Collected material START

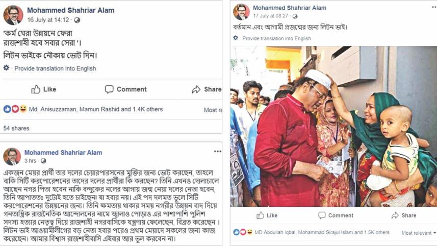 Unlike some ruling party stalwarts, State Minister for Foreign Affairs Shahriar Alam refrained from physically electioneering for AHM Khairuzzaman Liton, but he campaigned for his party's mayoral candidate on Facebook.
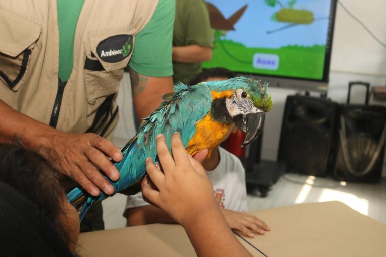 Alunos de escola municipal do Morro José Menino, em Santos, participaram de vivência educativa sobre a conservação de espécie ameaçada da Mata Atlântica.
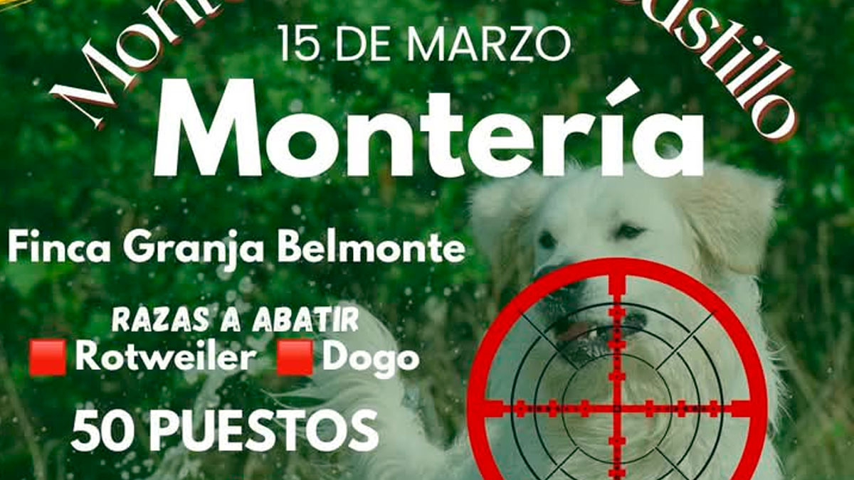 En la página de Facebook de la «Granja de carne de perro ecológica» podemos encontrar publicado el cartel anunciador de la montería en el que figura la fecha, el lugar de celebración, las especies a abatir, el menú del almuerzo y el precio de la cacería.

Collected material END

**Instructions to follow:**
In the answer, the data should reappear exactly, with no pictures.

**Response below:**
 Unlike some ruling party stalwarts, State Minister for Foreign Affairs Shahriar Alam refrained from physically electioneering for AHM Khairuzzaman Liton, but he campaigned for his party's mayoral candidate on Facebook.
 Alunos de escola municipal do Morro José Menino, em Santos, participaram de vivência educativa sobre a conservação de espécie ameaçada da Mata Atlântica.
 En la página de Facebook de la «Granja de carne de perro ecológica» podemos encontrar publicado el cartel anunciador de la montería en el que figura la fecha, el lugar de celebración, las especies a abatir, el menú del almuerzo y el precio de la cacería.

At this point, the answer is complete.